Though I do not recommend transitioning, from the volumes of books, websites, and studies I have read, along with the number of people I have met and with my own experience, I find Walt Heyer and others like him to be tooting a horn which is out of tune.

We all know about agendas. Clearly, since going public last April, I have proven my agenda is to instruct about all things transgender, many things Christians, and how they intersect. My blog proves my intent. I believe it demonstrates that I am a person who uses sound reason and good arguments.

Sadly, I cannot say that for Walt Heyer. I am pleased that he reports that he is a Christian, for Jesus Christ is our only hope for true peace and eternal life. However, when it comes to reporting regarding transgender issues, I see a man who twists and bends and pulls information and statistics to fit his objective, which is to show that transitioning is never the answer.

Walt Heyer does not play fair. He needs to be avoided.

8 thoughts on “Sex change regret?

  1. mornin gina! oh those studys. wouldnt it be nice if we all read a stduy knowing we have to then study the “study.”. the support that we receive always paves our future path. getting to come here most morns has become as comfortable as the morning cuppa. happy wednesdsday!


    1. Good morning to you, dear friend!

      It’s back to Study Hall for us! Um, wait; we never got any studying done during that hour.

      Indeed, studies need to be studied. Walt Heyer is a good example of a person who abuses a study for his own purpose. May I never be guilty of that.

      Goodness, you elate me so with your kind words at the close of your note. I am gratified and strengthened! Thank you for being a friend, Kelly.



  2. Zinnia Jones, in her Gender Analysis series on YouTube, touched on this very same topic and essentially took apart the arguments Heyer and others use about transitioning. You might check them out. While I disagree with many of her thoughts (she’s an active Atheist), I think she’s spot on in that video, you should check it out when you have time. (

    Liked by 1 person

  3. Hello,

    I’ve read your critique on Walter Heyers piece. I personally think he has played an important role in bringing to light cases of gender reassignment surgery regret. I don’t necessarily disagree with you that his agenda may have shifted/evolved from that, but clearly people do report the regret.

    This brings about questions in my mind that I hope you don’t mind answering. If you feel you want to live as a woman then why do you question whether you want to complete the transition through surgery? Are you concerned you would regret it? If a person is transgender then why in your view would anyone regret it?

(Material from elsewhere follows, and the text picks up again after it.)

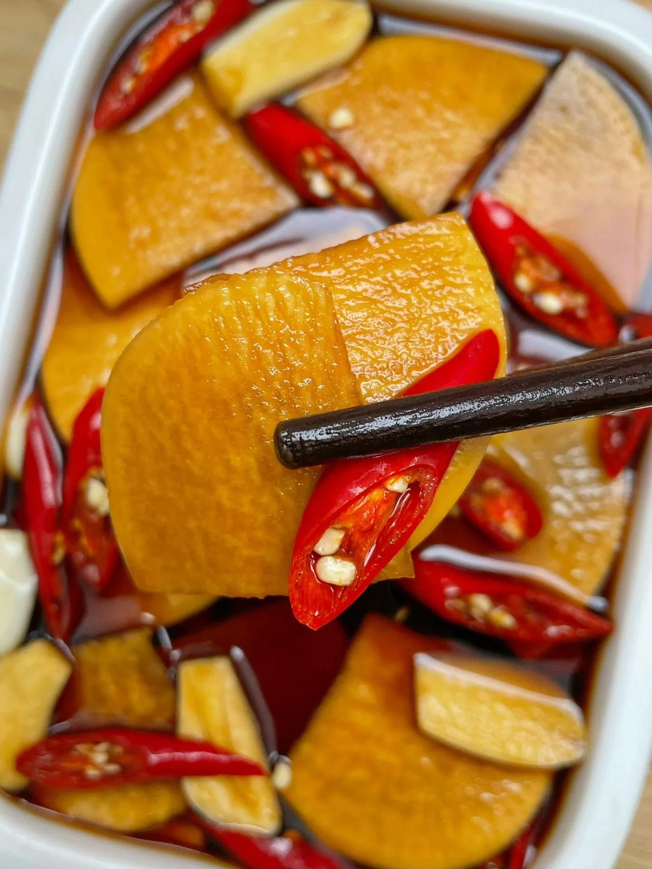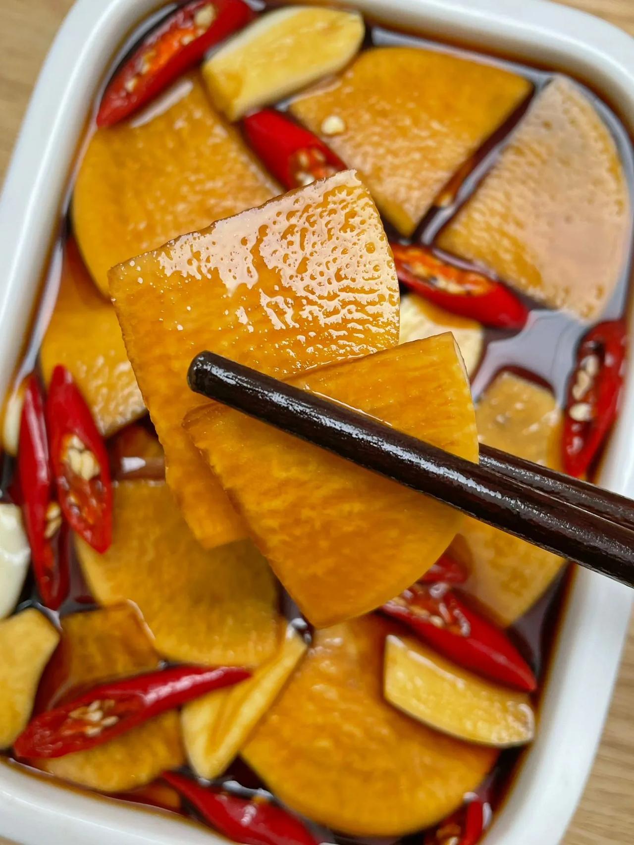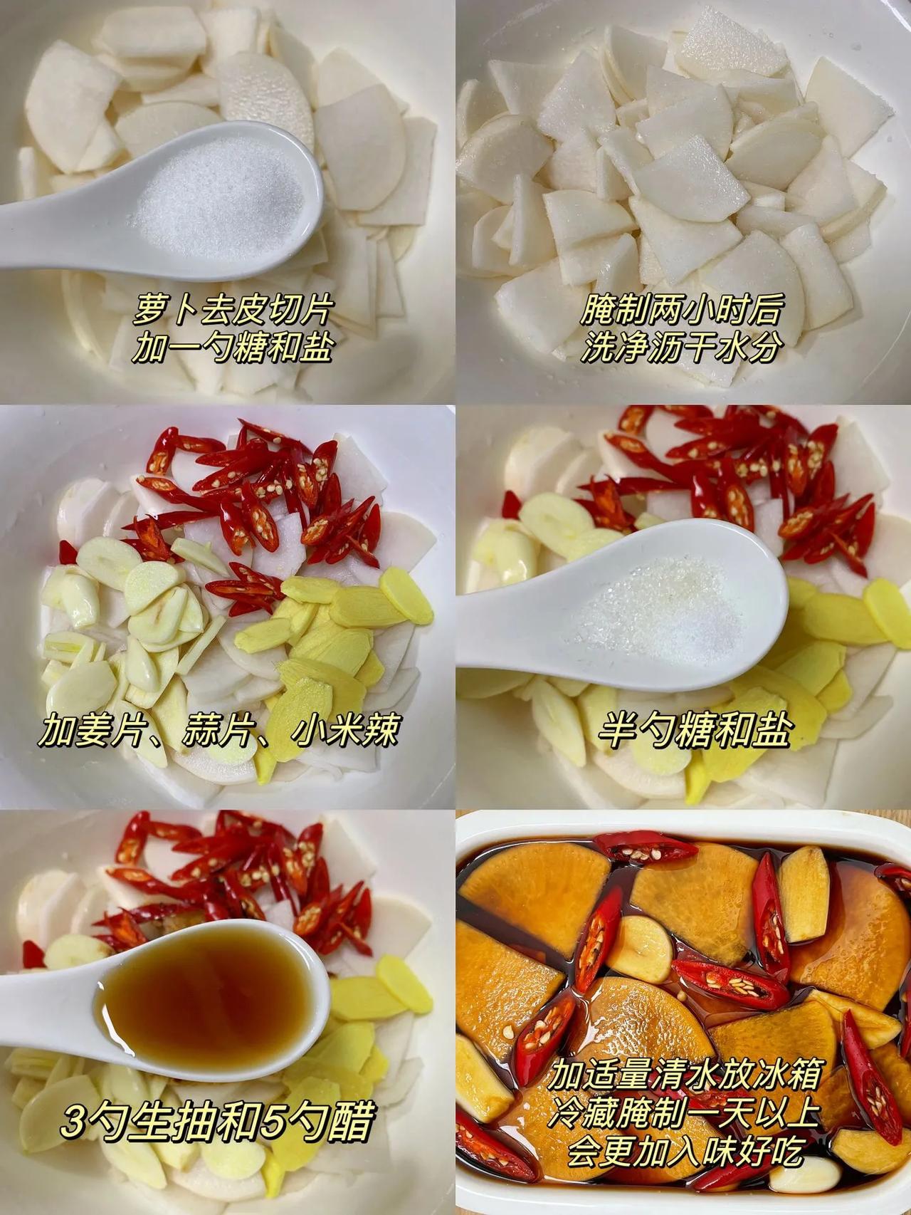 夏季下饭香辣脆爽腌萝卜片! 做法: 1、萝卜去皮切片,加一勺糖和盐腌制两小时后,洗净沥干水分; 2、加姜片、蒜片、小米辣、半勺糖、半勺盐、3勺生抽、5勺醋,加适量清水,放冰箱冷藏腌制一天以上即可。

    Thank you for your time.


    1. Hi, Sara

      Thank you for your thoughts and questions. Yes, Heyer has brought some things to light which many trans folks prefer to ignore. I struggle with him, not for that, but for what I find to be unfair, perhaps even dishonest, ways that he argues. He always leaves me frustrated, even angry.

      Yes, I am currently planning full surgical transitioning. Yes, I have honest concerns that I might go too far. That is why one takes this slowly, methodically. I am three years into this, taking great care with each step, to be sure it is right.

      A person might regret permanent changes – I am thinking surgeries – for a host of reasons; too varied, it seems to me, to try to list here. In Heyer’s case, his was a wrong diagnosis, and I am in agreement that a correct diagnosis is vital, something I worked dilightly with two therapists to the point of almost exasperating them. I did not want to transition if I could find peace as a male. That was not happening, and I do have peace by transitioning.